The CDC pipeline consists of three stages that work together to capture and process changes and publishes change events to the events topic in Pulsar.

  • The CDC agent running in Pulsar creates events topics using the format: events-<keyspace>.<table>. When configuring the source connector, the events.topic parameter must match exactly what the CDC agent publishes to. For example, if your keyspace is ks1 and table is table1, the events.topic parameter is persistent://public/default/events-ks1.table1.

  • The Cassandra Source Connector consumes change events from the events topic (events-<keyspace>.<table>), fetches the full row data from Cassandra for each change event, performs de-duplication to handle events from multiple replicas, and publishes processed data to the data topic as data-<keyspace>.<table>.

  • Downstream consumers consume from the data topic for further processing. Consumers include sink connectors, analytics systems, or other applications.

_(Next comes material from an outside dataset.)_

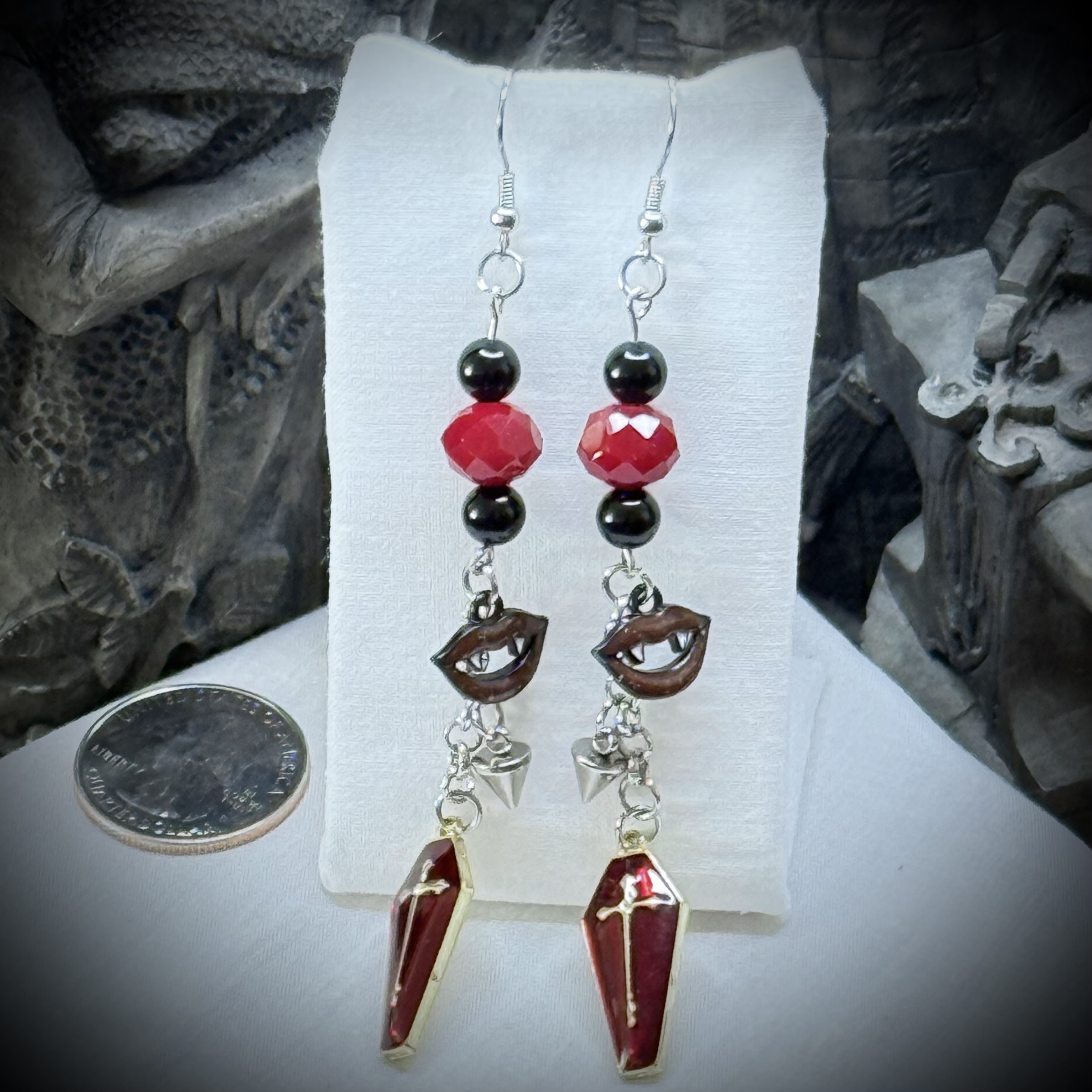 Darkly romantic, imbued with a touch of the gothic, these tributes to the Slayer's world whisper of moonlit nights and battles fought in the shadows. From tiny, exquisitely menacing vampire fangs dangle small, silver spikes. From each spike swings a reminder of the creatures that lurk in the night; red caskets, small and ornate, add to the morbid charm, perhaps holding secrets or symbolizing eternal rest (or unrest). Finally, splashes of crimson and onyx – red and black glass beads – punctuate the design, echoing the colors of blood and darkness, the eternal struggle between good and evil. These are more than just accessories; they're a statement. They're a whisper of "Grr. Argh." and a nod to the Slayer who kept Sunnydale safe.

Installing and configuring

  1. Download the Pulsar tarball and set up a Pulsar cluster. This example uses Pulsar standalone mode, but you can also use our helpful Ansible Scripts.

    cd $PULSAR_HOME
    bin/pulsar standalone

    We recommend using the latest CDC agent version (at least version 1.0.4+) to support C* collection data types.

  2. Install C*/DSE.

  3. After installing C*/DSE, but before starting the C*/DSE service, set the Cassandra-env.sh configuration:

    export CDC_PULSAR_SERVICE_URL="<pulsar_broker_service_url>" (e.g. pulsar://<pulsar_server_ip>:6650)
    
    # needed when Pulsar JWT authentication is enabled
    export CDC_PULSAR_AUTH_PLUGIN_CLASS_NAME="org.apache.pulsar.client.impl.auth.AuthenticationToken"
    export CDC_PULSAR_AUTH_PARAMS="file://</path/to/token/file>"
    
    # needed when Pulsar TLS encryption is enabled
    export CDC_TLS_TRUST_CERTS_FILE_PATH=”</path/to/trusted/cert/file>”
    
    # DSE CDC
    JVM_OPTS="$JVM_OPTS -javaagent:/home/automaton/cdc104/agent-dse4-<version>-all.jar"

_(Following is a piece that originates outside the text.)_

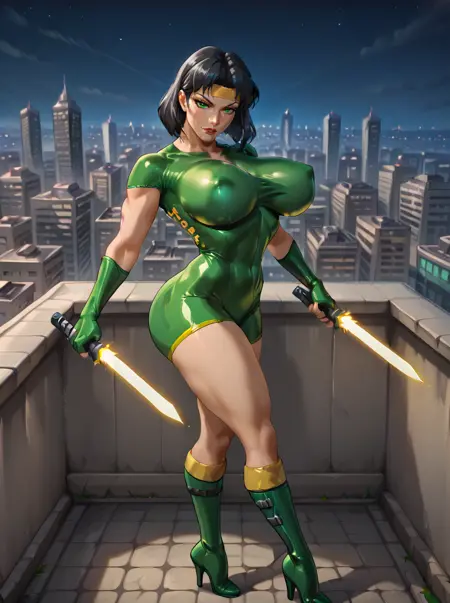 복장: 녹색 바디수트, 드러난 허벅지, 녹색 하이힐 부츠, 손가락 없이 만든 장갑, 노란 머리띠

    For CDC agent versions after 1.0.3, the CDC agent Pulsar connection parameters are provided as system environment variables (see DSE CDC in the example above).

    For CDC agent versions before 1.0.3, the CDC agent Pulsar connection parameters are also provided as extra JVM options, as below:

    export JVM_EXTRA_OPTS="-javaagent:/path/to/agent-c4-<version>-all.jar=pulsarServiceUrl=pulsar://pulsar:6650"
  4. Set the cassandra.yaml configuration:

    cdc_enabled:true
    cdc_raw_directory:/var/lib/cassandra/cdc_raw
    commitlog_sync_period_in_ms:2000
    cdc_total_space_in_mb:4096
  5. Start C*/DSE and verify your logs are similar to the C* system.log file below. CDC agent started indicates your CDC agent has started properly.

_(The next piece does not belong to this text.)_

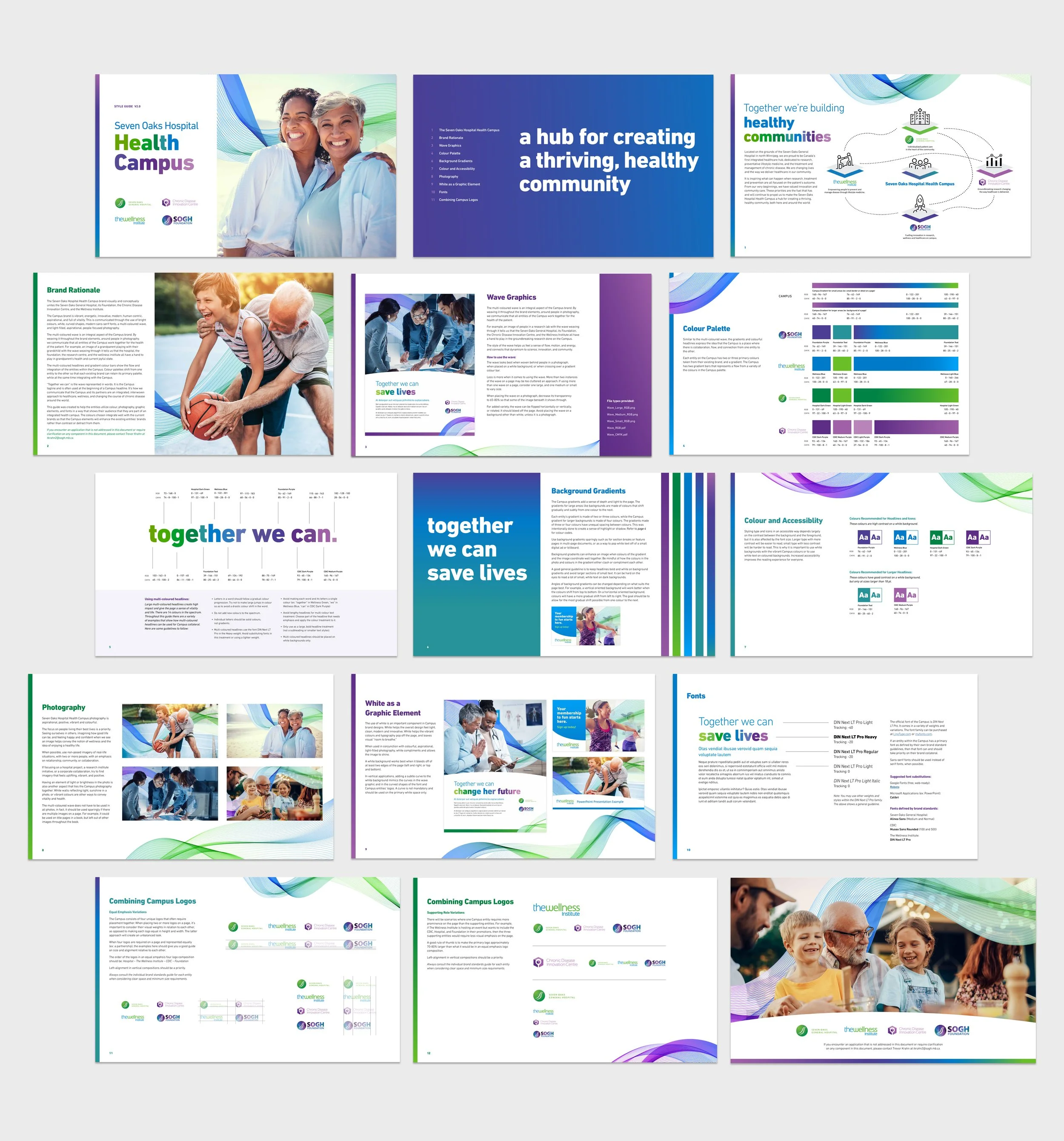 The Seven Oaks Hospital Health Campus is an incredible initiative in north Winnipeg, bringing together four different entities—The Wellness Institute, Seven Oaks General Hospital, The Seven Oaks Hospital Foundation, and the Chronic Disease Innovation Centre. The challenge, though, was that each of these organizations looked and felt separate, and the overall campus didn’t have a unified identity. Without a shared visual language, it was hard to see how these different parts were working together toward the same goal.

    INFO  [main] 2022-04-11 18:47:06,302  Agent.java:60 - Starting CDC agent, cdc_raw_directory=/var/lib/cassandra/cdc_raw
    INFO  [main] 2022-04-11 18:47:06,331  AgentConfig.java:526 - maxInflightMessagesPerTask=16384, sslEnabledProtocols=TLSv1.2,TLSv1.1,TLSv1, cdcWorkingDir=/usr/share/dse/data/cdc, pulsarMaxPendingMessagesAcrossPartitions=50000, pulsarMaxPendingMessages=1000, sslTruststorePath=null, cdcPollIntervalMs=60000, pulsarAuthParams=null, sslHostnameVerificationEnable=false, errorCommitLogReprocessEnabled=false, sslTruststorePassword=null, tlsTrustCertsFilePath=null, sslKeystorePath=null, sslKeystorePassword=null, sslAllowInsecureConnection=false, cdcConcurrentProcessors=-1, pulsarServiceUrl=pulsar://10.101.32.213:6650, pulsarKeyBasedBatcher=false, sslTruststoreType=JKS, pulsarBatchDelayInMs=-1, topicPrefix=events-, sslCipherSuites=null, pulsarAuthPluginClassName=null, sslProvider=null, useKeyStoreTls=false
    INFO  [main] 2022-04-11 18:47:06,433  Agent.java:92 - CDC agent started

Deploy Pulsar Connector

  1. Deploy the Pulsar Cassandra Source Connector (CSC) for each CDC-enabled C* table. The connector consumes from the events topic (where the CDC agent publishes) and writes to the data topic (where downstream consumers read from).

    The events.topic parameter in the source connector configuration must match exactly the topic name that the CDC agent publishes to.

    The agent creates topics using the format `events-**KEYSPACE**.**TABLE**` when using the default `events-` prefix. For example, for keyspace `ks1` and table `table1`, the events topic is `events-ks1.table1`.

    The outputFormat source configuration controls the format of messages on the data topic.

    • key-value-avro - Default behavior. Key and value are encoded separately in AVRO format.

    • key-value-json - Key and value are encoded separately in JSON format.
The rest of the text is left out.